Part one of four key developer skills.
Ability to guarantee fault tolerance even in the presence of bugs in the code.
Large systems will probably always be delivered containing a number of errors in the software, nevertheless such systems are expected to behave in a reasonable manner. ~ Joe Armstrong
Ever since the concept of “software” came into existence, people have been forced to live with the fact that it doesn’t always work as expected. Whether it’s a cockroach in the system unit, rats gnawing through a cable, a Norwegian construction worker accidentally slicing it with an excavator bucket, or even—terrifying to utter—errors in the software, introduced by a developer.
People have desperately fought against bugs in source code—Donald Knuth even established a reward for problems found in TeX. Unfortunately, Knuth’s approach scales rather poorly. In other words, we cannot ask him to write all the software in the world.
To minimize the number of bugs reaching users, humanity invented tests, types, code reviews, static analysis, and lord knows what else. But spending a couple of hours simply browsing the internet is enough to observe firsthand: none of it works worth a damn. Well, of course, if you measure KPIs, or whatever they measure, the first derivative shows a reduction in the number of bugs, and the second—the speed of that reduction. But if you just imagine yourself to be an ordinary person—nothing works.
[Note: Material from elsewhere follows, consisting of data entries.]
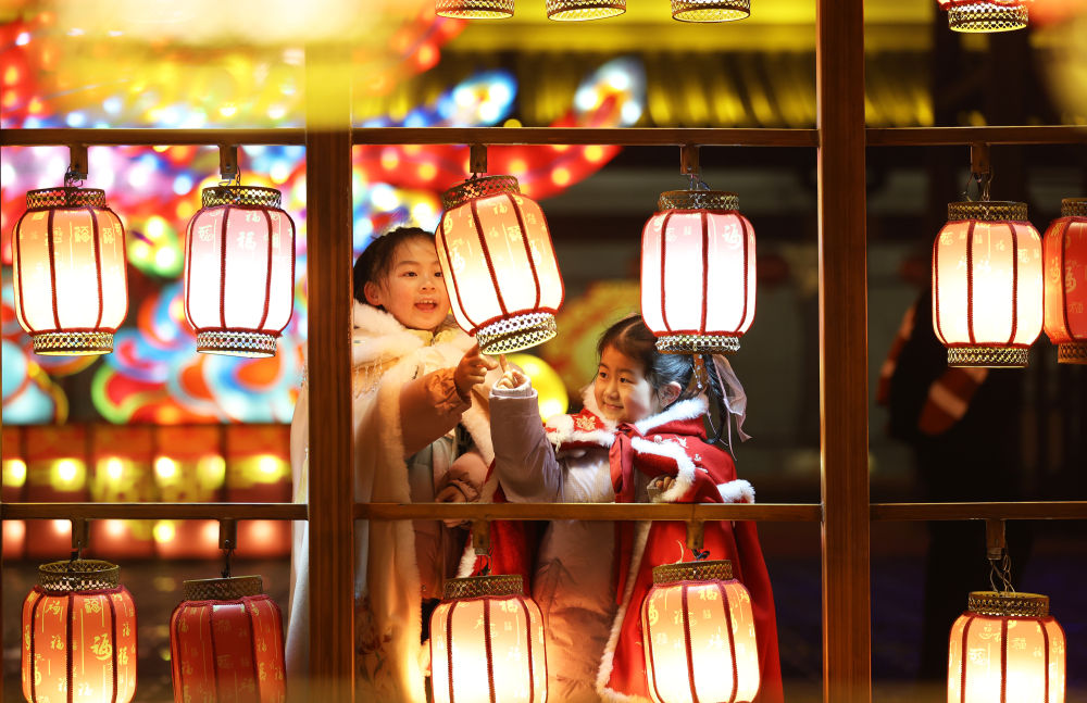 2025年1月31日晚,在山东省临沂市郯城县郯国古城景区,两名穿着传统服饰的小女孩在观赏花灯。新华社发(张春雷 摄)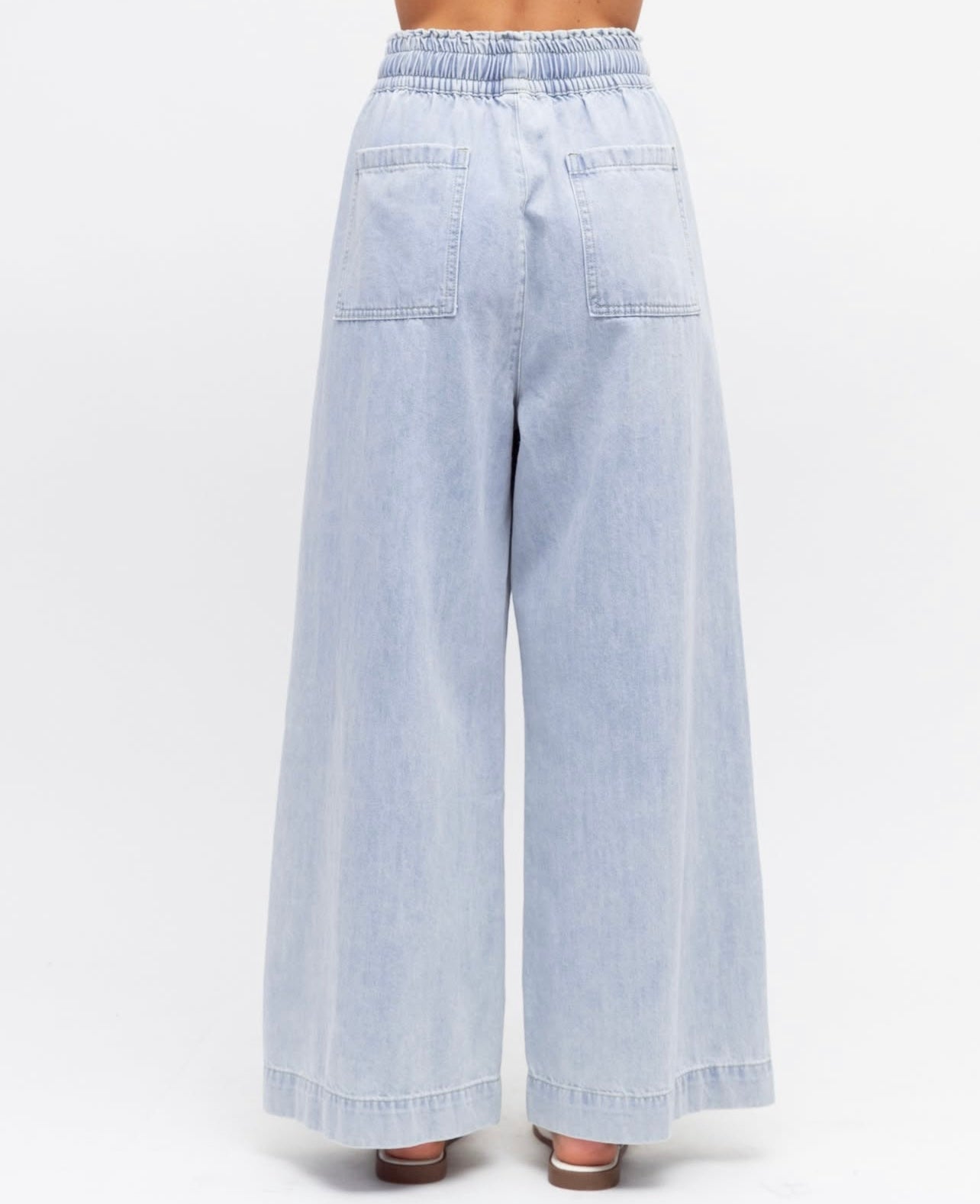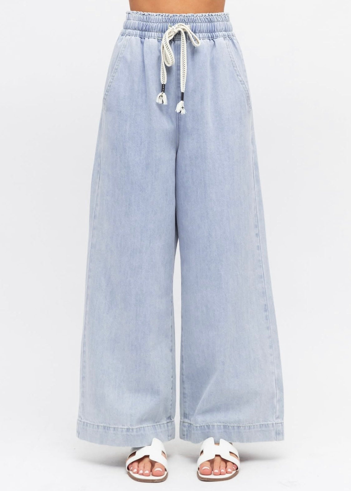 "Effortlessly cool and endlessly comfortable these 100% cotton, light denim wide leg jeans are your new go to for laid back chic. Featuring an elastic waistband with rope drawstring, roomy pockets, and a relaxed wide leg fit, they’re perfect for casual days or styling up with your favourite top.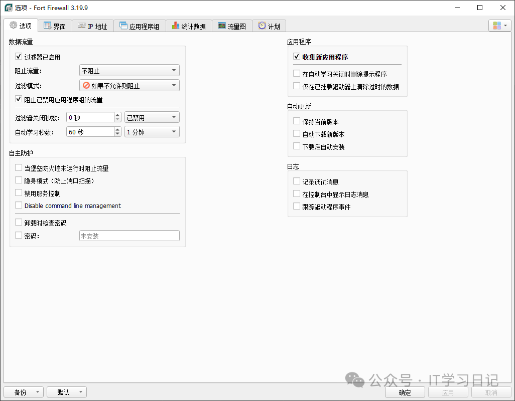 - Fort工具提供了自动学习模式(Auto-Learn),在此模式下,Fort会自动监控所有连接但不进行实际拦截,方便用户观察哪些程序需要联网,避免误杀系统关键进程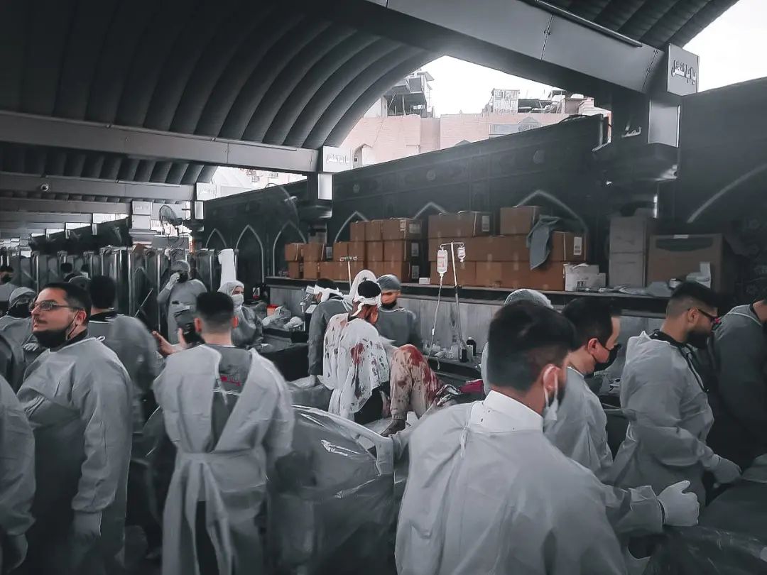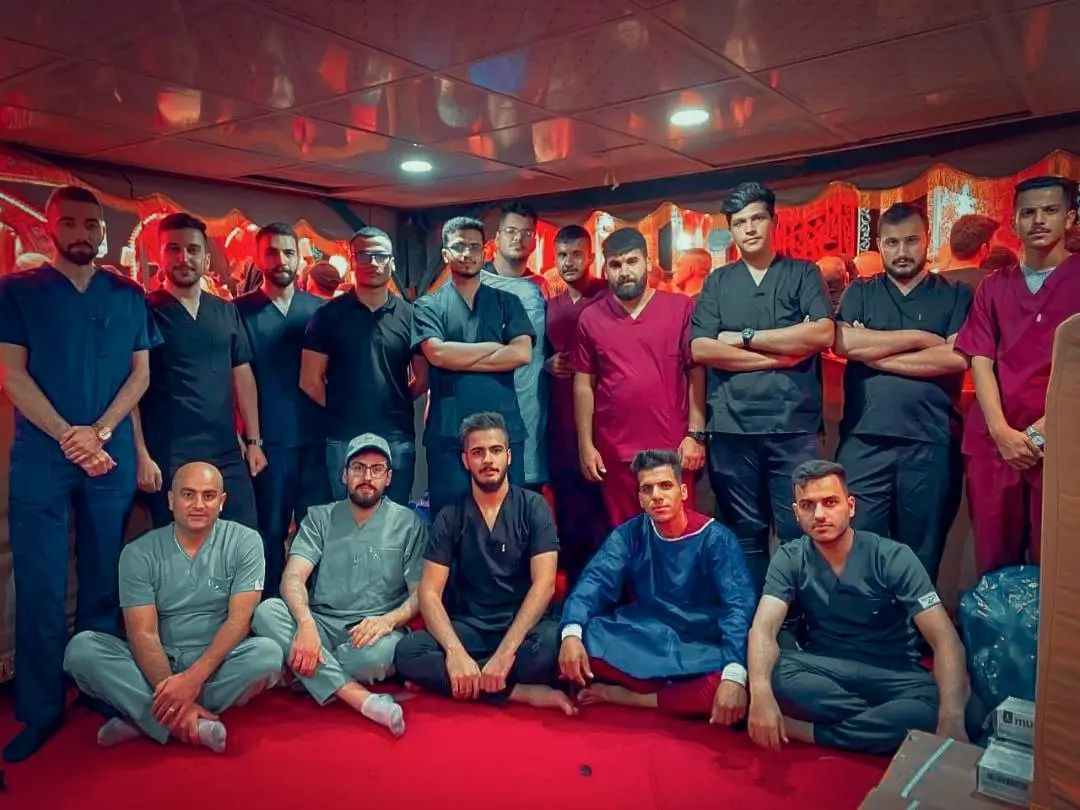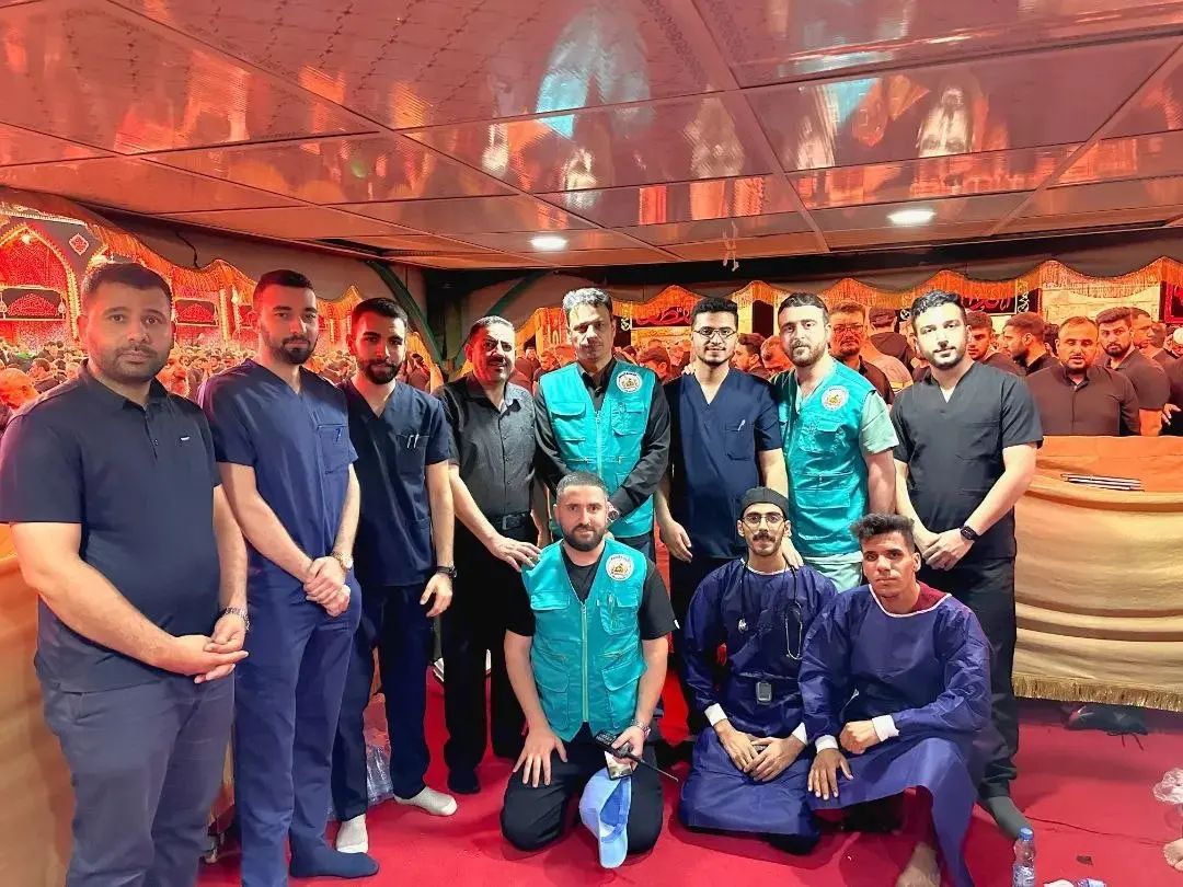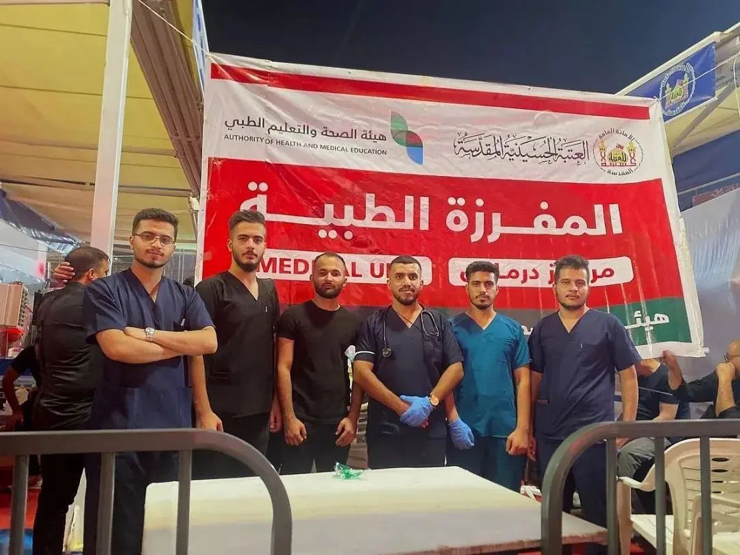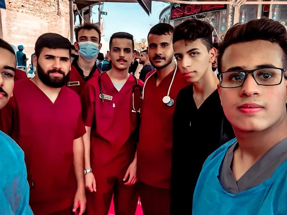 مشاركة طلبة كلية الطب والتمريض يقدمون خدماتهم لزائري الامام الحسين (عليه السلام)

Some bugs are non-critical, though still annoying. Literally just the other day I witnessed a user forget to switch their keyboard layout while entering a password into Gmail, and Google displayed an “Error 403” page. Seems fine: the login failed, there’s a specific error code for that, here’s your grenade. The user was thoroughly stumped by this page, decided they had done something forbidden—and wrote to me in near-panic. Grumbling about “user literacy” I leave with distaste to the dimwits who, themselves, think nothing of taking their car to a mechanic, dining at restaurants, and calling an electrician to tighten a tap.
Users will make mistakes—that’s normal. What’s not normal is showing them a 403 instead of simply redirecting them back to the login page. But all of this, I repeat, is non-critical.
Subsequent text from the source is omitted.